One of Krishna Saraswat’s main concerns today
is to reduce the time taken by signals to travel between chips and even within
chips. “The ‘interconnects’ between chips can become the limiting factor to
chip speeds, even before problems are faced at the nano-physics level,” he
explains.
Thomas Kailath
Clearly,
semiconductors have broken barriers of all sorts. With their low price, micro
size and low power consumption, they have proved to be wonder materials.
Did
India miss the electronics bus? Yes, it certainly did during 1970 and 2000.
There is the apocryphal story of Robert Noyce coming to Delhi and staying for
two weeks in 1969-70 trying to convince the Government of India that they
should let Intel build a chip fab here. Not surprisingly, he was turned away!
However,
later developments in chip design technology have allowed for fabrication and
design to be separated.
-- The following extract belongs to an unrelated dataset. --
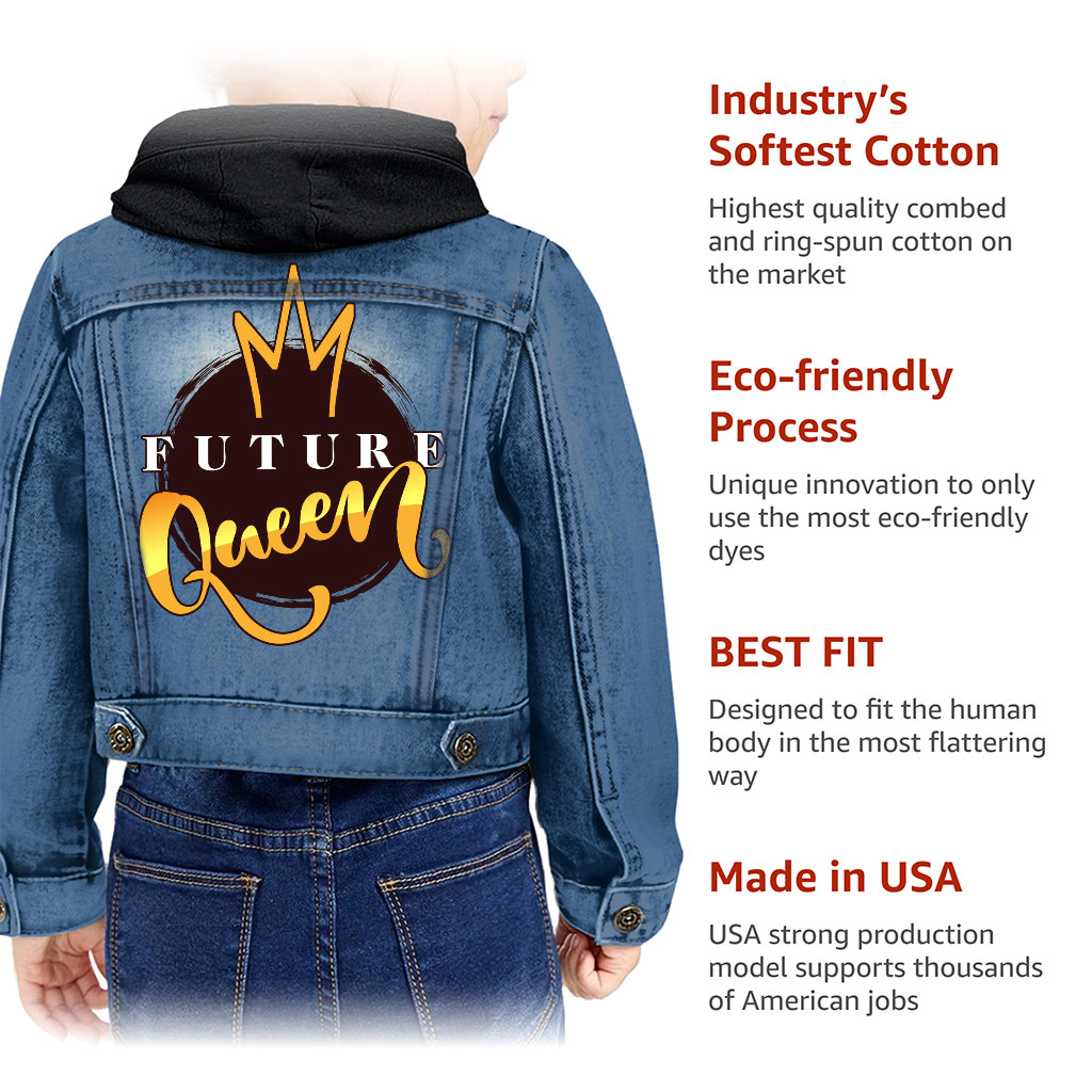 Queen Toddler Hooded Denim Jacket – Crown Jean Jacket – Printed Denim Jacket for Kids

It is notable that technologists of Indian origin like
Suhas Patil, Prabhu Goel, Raj Singh, Rajiv Madhavan, Prakash Bhalerao have
contributed to this separation of VLSI (Very Large Scale Integrated Circuits)
design software from chip fabrication.
Now
cutting edge chips are being designed for the world in Bengaluru, Pune and
Hyderabad while they may be fabricated in South East Asia, Korea, Taiwan or
China. In technological terms if not in business terms, we seem to have caught
the electronics bus at the next bus stop, since 80 per cent of the cost of the
chip lies in design and testing.
IT
industry veterans like F C Kohli are not satisfied with it.Kohli advocated
developing appropriate courses in IITs and other engineering colleges to
develop the human resources for high end chip design and testing since the
1980s and 1990s.
Kohli
emphasises that India needs to produce about 6,000 MTechs (four to five times
the current output) every year in VLSI design to reach the sophistication of
Israel, which is a leading player in the field.
If a
modern-day cell phone were to be made of vacuum tubes instead of micro chips,
it would be as tall as the Qutub Minar, and would need a small power plant to
run it!
While
chips have become ubiquitous, Moore’s Law has remained a self-fulfilling
prophecy even 50 years later. Not bad for an industry where the time scale is
not measured in decades and centuries, but in annual quarters!